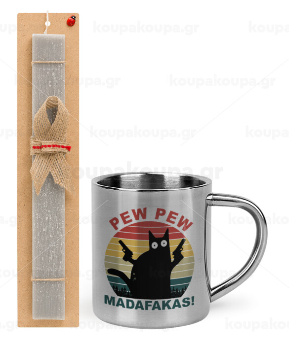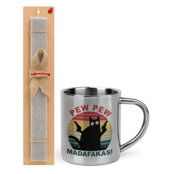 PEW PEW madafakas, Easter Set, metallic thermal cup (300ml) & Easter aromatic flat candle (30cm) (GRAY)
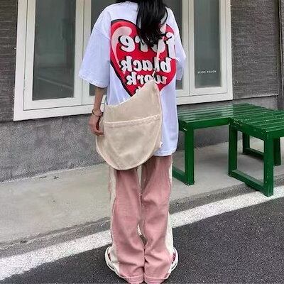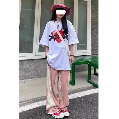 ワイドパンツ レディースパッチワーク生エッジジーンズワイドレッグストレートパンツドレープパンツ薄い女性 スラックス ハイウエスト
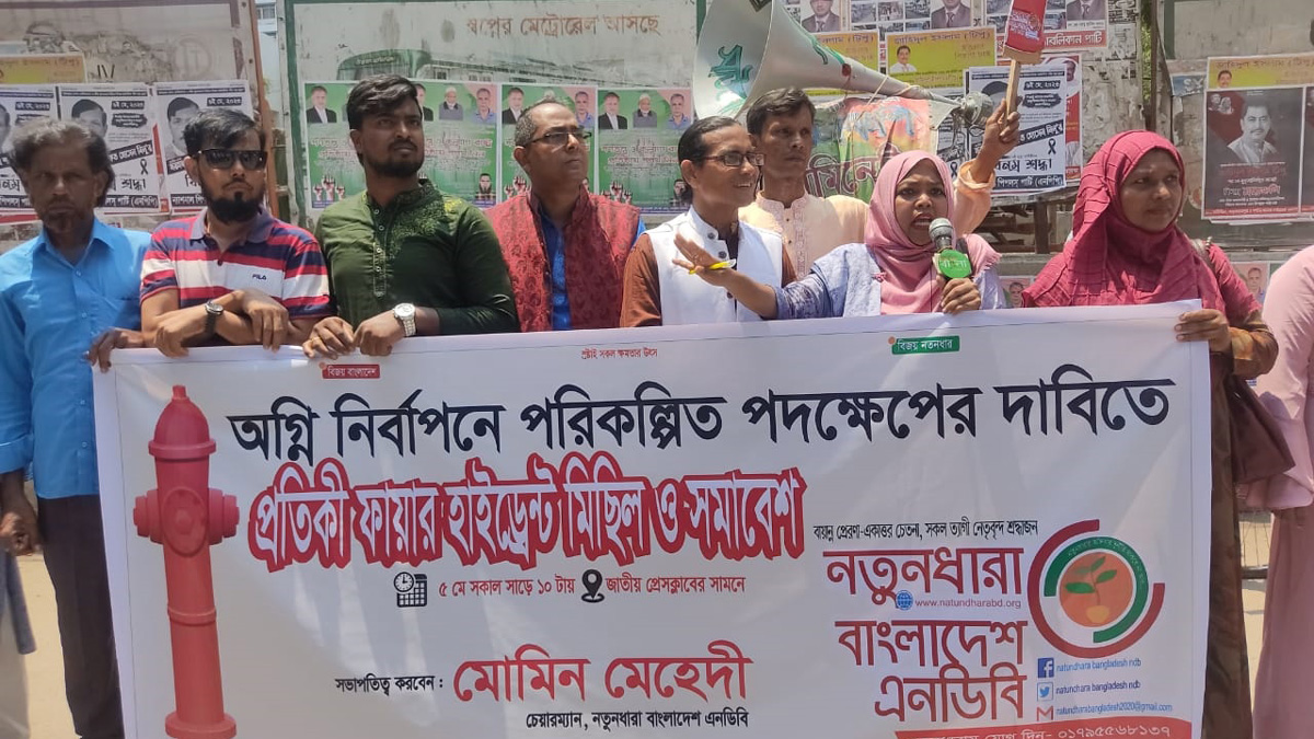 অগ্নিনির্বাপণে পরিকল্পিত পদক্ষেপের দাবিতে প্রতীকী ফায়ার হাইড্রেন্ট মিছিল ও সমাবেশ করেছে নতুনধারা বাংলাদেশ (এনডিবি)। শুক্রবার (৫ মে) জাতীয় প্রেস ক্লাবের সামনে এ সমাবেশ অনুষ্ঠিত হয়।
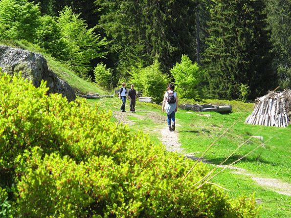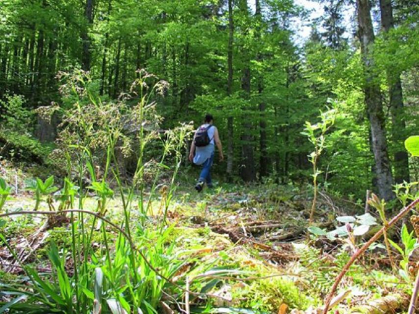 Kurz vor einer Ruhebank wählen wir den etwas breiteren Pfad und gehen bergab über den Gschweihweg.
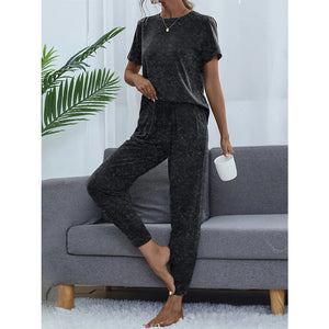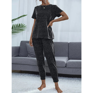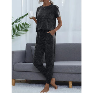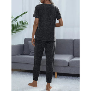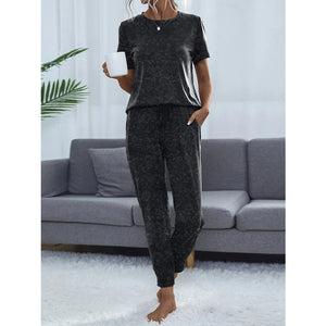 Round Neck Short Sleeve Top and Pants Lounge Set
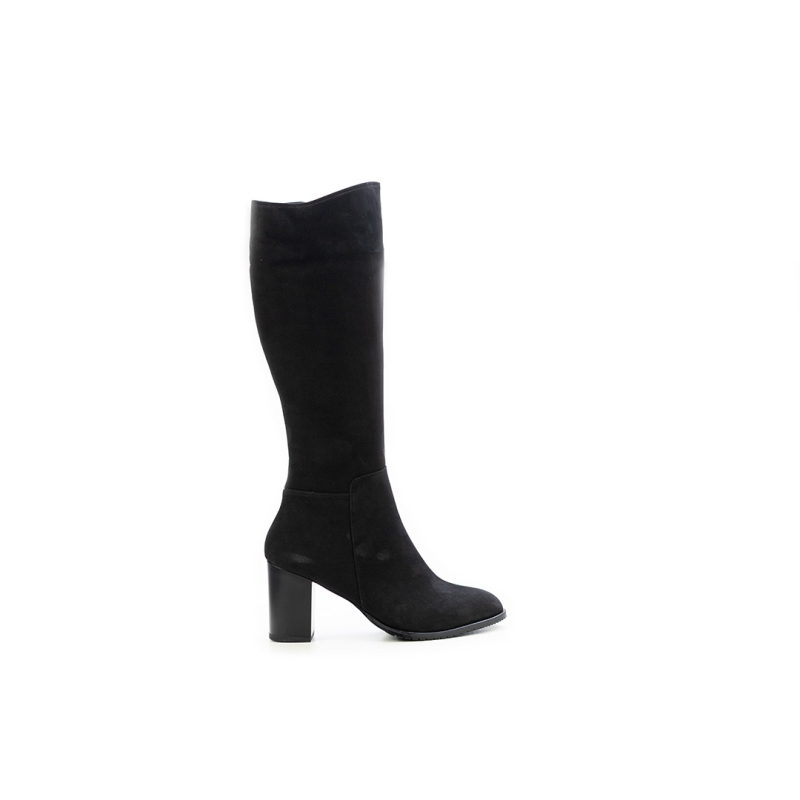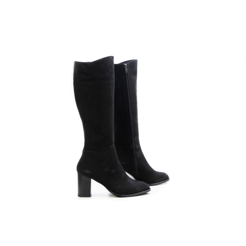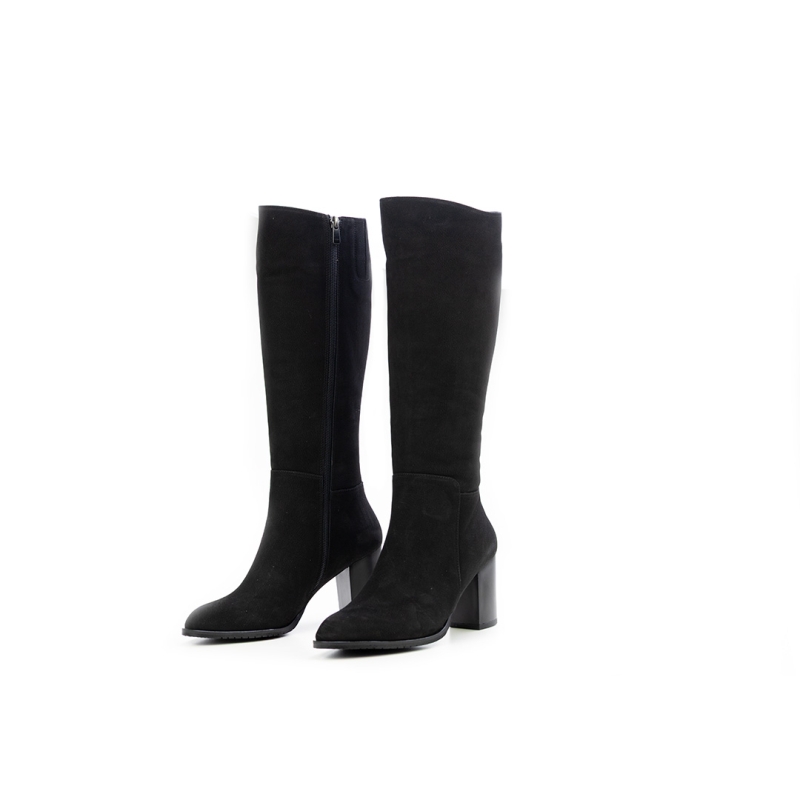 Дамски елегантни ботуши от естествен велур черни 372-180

+++++

Repeat the entries word for word and skip the pictures.

 PEW PEW madafakas, Easter Set, metallic thermal cup (300ml) & Easter aromatic flat candle (30cm) (GRAY)
 ワイドパンツ レディースパッチワーク生エッジジーンズワイドレッグストレートパンツドレープパンツ薄い女性 スラックス ハイウエスト
 অগ্নিনির্বাপণে পরিকল্পিত পদক্ষেপের দাবিতে প্রতীকী ফায়ার হাইড্রেন্ট মিছিল ও সমাবেশ করেছে নতুনধারা বাংলাদেশ (এনডিবি)। শুক্রবার (৫ মে) জাতীয় প্রেস ক্লাবের সামনে এ সমাবেশ অনুষ্ঠিত হয়।
 Kurz vor einer Ruhebank wählen wir den etwas breiteren Pfad und gehen bergab über den Gschweihweg.
 Round Neck Short Sleeve Top and Pants Lounge Set
 Дамски елегантни ботуши от естествен велур черни 372-180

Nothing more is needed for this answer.